Print the entries underneath word for word, omitting whatever pictures they contain.

◇ ◇ ◇

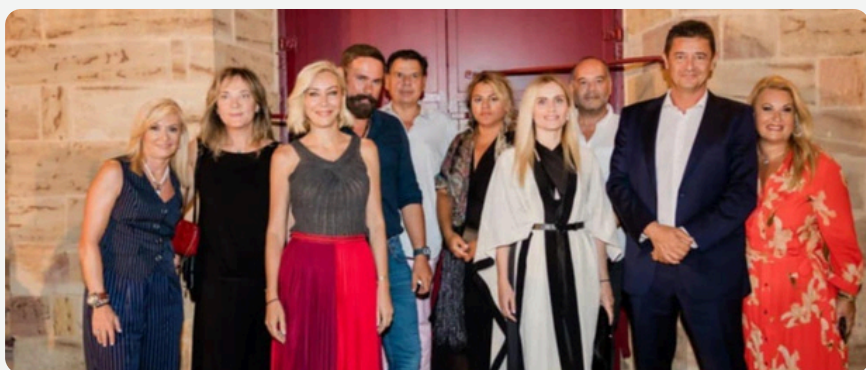
ΔΗΜΟΣΙΟΓΡΑΦΙΚΗ ΟΜΑΔΑ THE CHIOS FESTIVAL

Περισσότερα για τους προσκεκλημένους μας εδώ
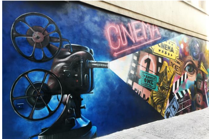
Fresque du Cinéma KLUB de Leskule et Kogaone, collectif Une Phase 2 styles
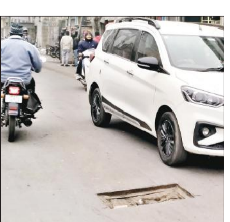
आजाद रोड पर खुले मैनहोल के पास से गुजरती कार।

है। यह दोनों ही मार्ग अति व्यस्त रहते हैं। कई बार शिकायत के बाद समस्या का समाधान होता नजर नहीं आ रहा है। आजाद रोड पर खुले मैनहोल में अब तक कई दोपहिया वाहन
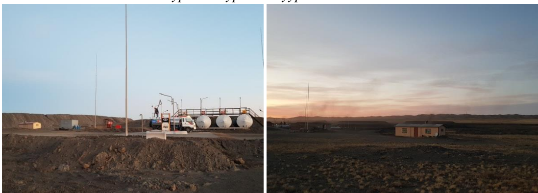
Зураг 3. Уурхайн шатахуун түгээх станц
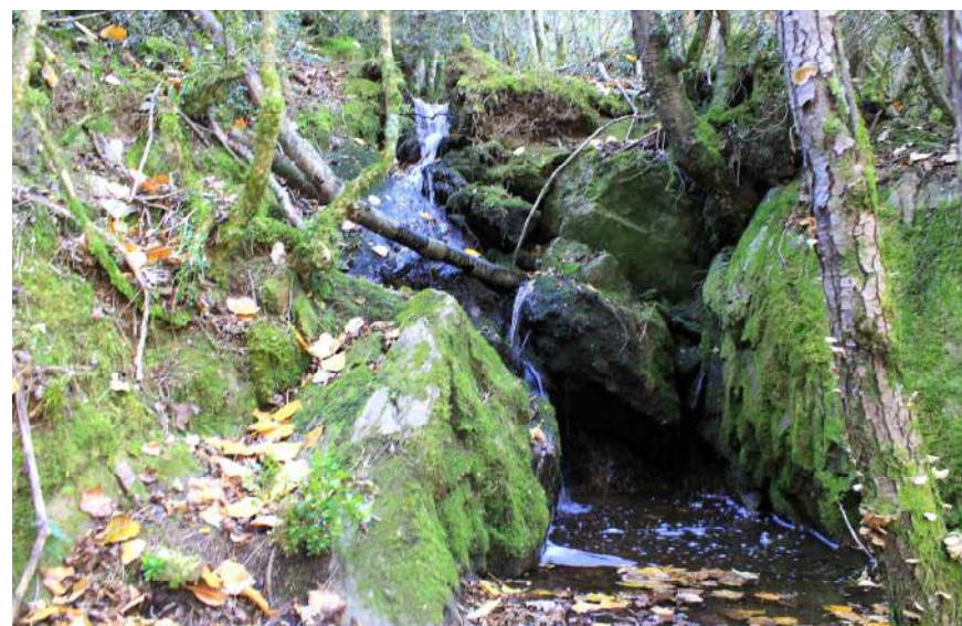
Sender al costat del riu Segre
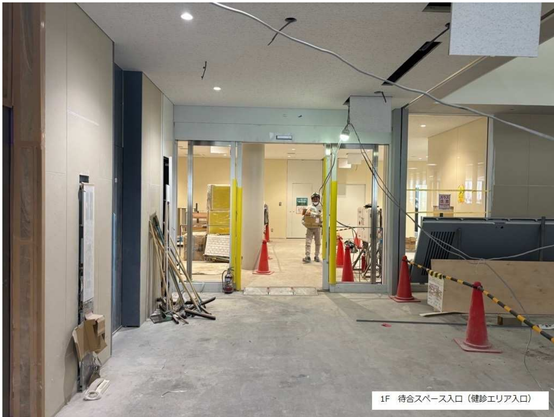
1F 待合スペース入口（健診エリア入口）

◇ ◇ ◇

Result of this task »
ΔΗΜΟΣΙΟΓΡΑΦΙΚΗ ΟΜΑΔΑ THE CHIOS FESTIVAL

Περισσότερα για τους προσκεκλημένους μας εδώ
Fresque du Cinéma KLUB de Leskule et Kogaone, collectif Une Phase 2 styles
आजाद रोड पर खुले मैनहोल के पास से गुजरती कार।

है। यह दोनों ही मार्ग अति व्यस्त रहते हैं। कई बार शिकायत के बाद समस्या का समाधान होता नजर नहीं आ रहा है। आजाद रोड पर खुले मैनहोल में अब तक कई दोपहिया वाहन
Зураг 3. Уурхайн шатахуун түгээх станц
Sender al costat del riu Segre
1F 待合スペース入口（健診エリア入口）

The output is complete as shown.